Assignment: From the first line of the records below, transcribe each line exactly up to and including the one with "Sommerlige bukser med"; pictures stay out.

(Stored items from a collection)
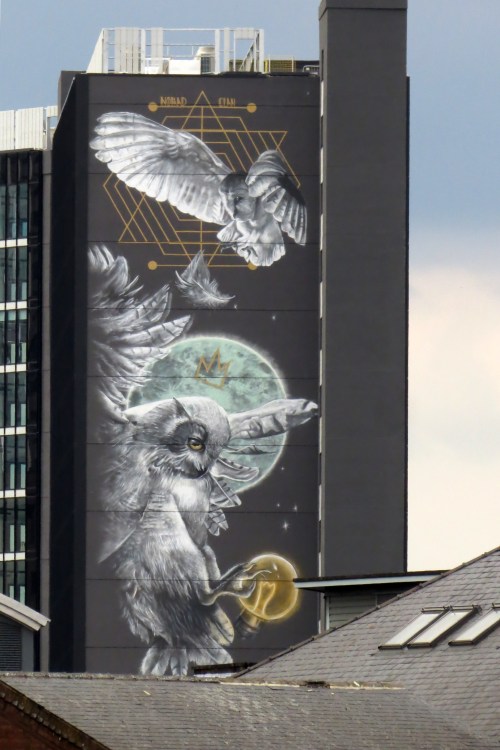 Later we all returned to Leeds for a spot of lunch. When I lived there in the 70s Leeds was a drab northern town (although still full of character). Today it is lively, modern and beautifully decorated (for example by these owls on the side of high-rise building).
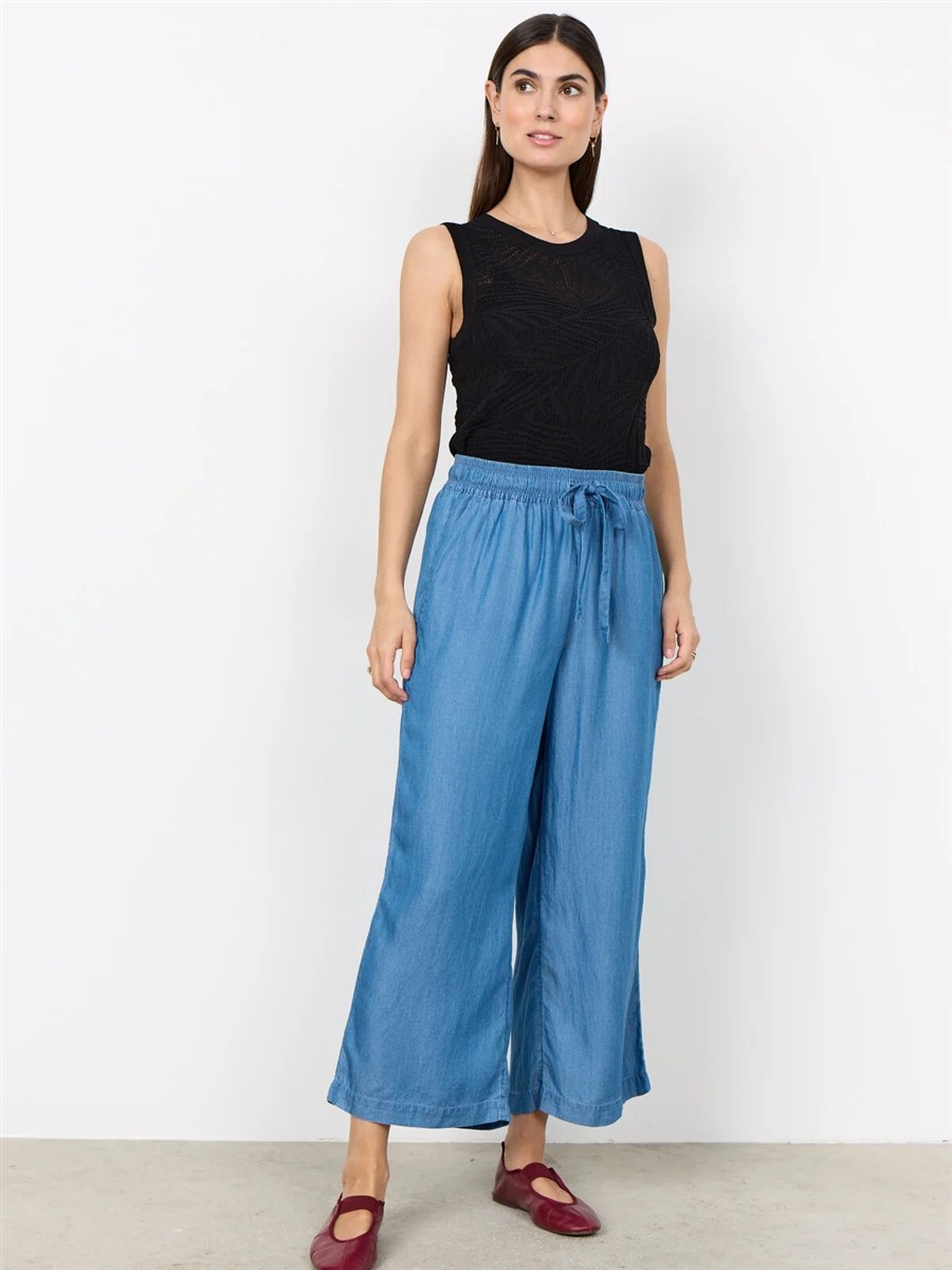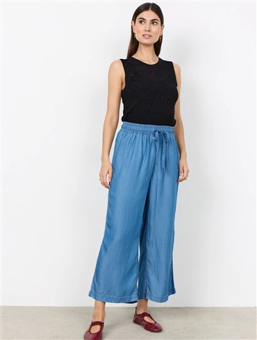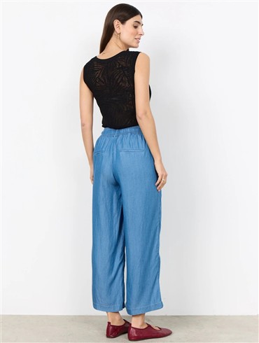 Sommerlige bukser med et denim-look lavet af 100% lyocell. Bukserne har en løs pasform med beklædte snøre i taljen, der gør dem super komfortable
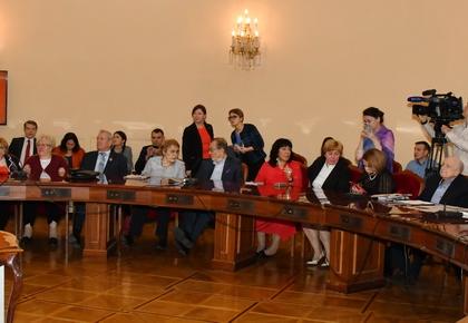 Затем слово было предоставлено Первому секретарю ЦК ВЛКСМ (в 1968 – 1977 годах) Е.М. Тяжельникову. Евгений Михайлович является одним из сопредседателей международного Оргкомитета КОМСОМОЛУ-100. Он рассказал, что в рамках этой организации была проведена большая работа. Вышли из печати книги о комсомоле и студенческих отрядах, фотоальбомы, посвященные юбилею. Так, в Госдуме прошла презентация книги «Студенческий комсомол», фотолетопись московского комсомола представлена в красочном издании «Москва молодая». Во многих регионах прошли научно-практические конференции. Юбилею ВЛКСМ будет посвящен праздничный концерт, который пройдет в государственном Кремлевском Дворце. Е.М. Тяжельников подчеркнул, что созидательный опыт ВЛКСМ должен быть востребован в наши дни на государственном уровне для работы с молодежью.
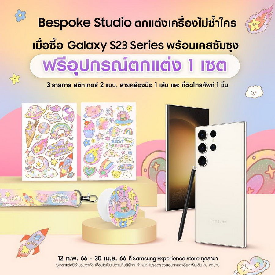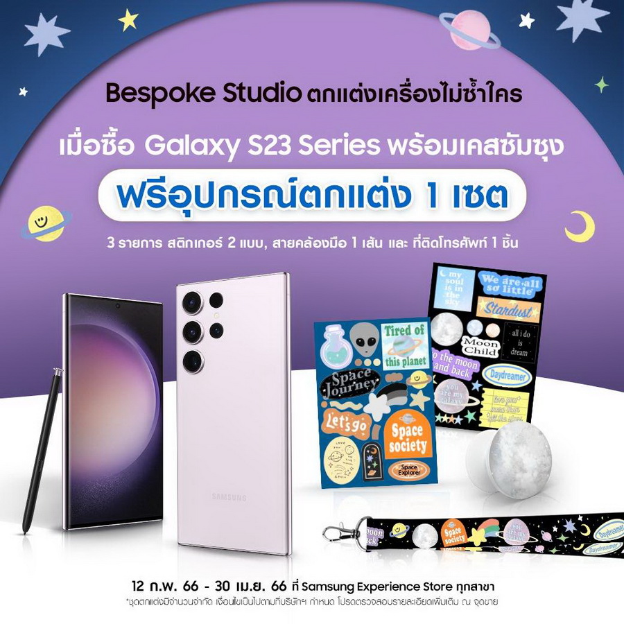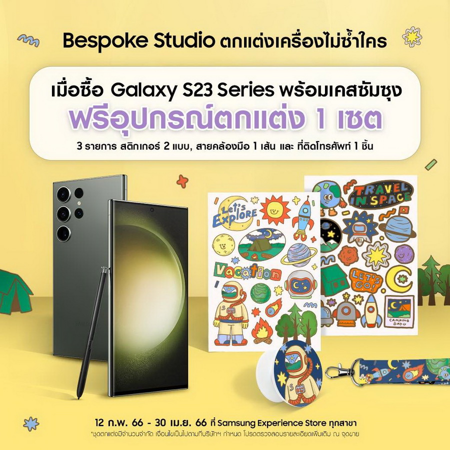 พี๊คคค! อีก เมื่อซื้อ Galaxy S23 Series พร้อมเคสซัมซุง ผ่าน Samsung Experience Store ตั้งแต่วันที่ 12 กุมภาพันธ์ – 30 เมษายน 2566 รับฟรี! อุปกรณ์ตกแต่งสุดคิ้วท์ 1 เซ็ตทั้งหมด 3 รายการ ประกอบไปด้วย สติกเกอร์ 2 ลาย สายคล้องมือ 1 เส้น และ Griptok 1 ชิ้น
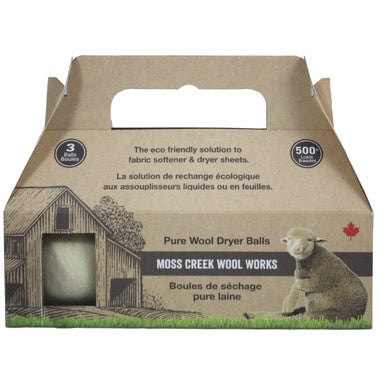 Hand Made in Canada, Moss Creek Wool Works Wool Dryer Balls are a nifty invention that will save you time and money!Available in natural colours (n...
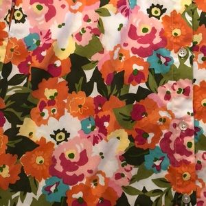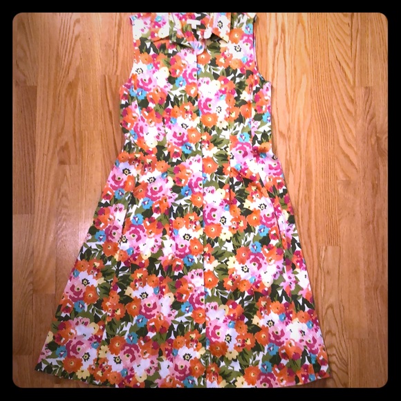Fit and flair sleeveless dress with a collar in a bright summery print. Buttons up the front. Cotton with a hint of spandex.

Final answer:
 Later we all returned to Leeds for a spot of lunch. When I lived there in the 70s Leeds was a drab northern town (although still full of character). Today it is lively, modern and beautifully decorated (for example by these owls on the side of high-rise building).
 Sommerlige bukser med et denim-look lavet af 100% lyocell. Bukserne har en løs pasform med beklædte snøre i taljen, der gør dem super komfortable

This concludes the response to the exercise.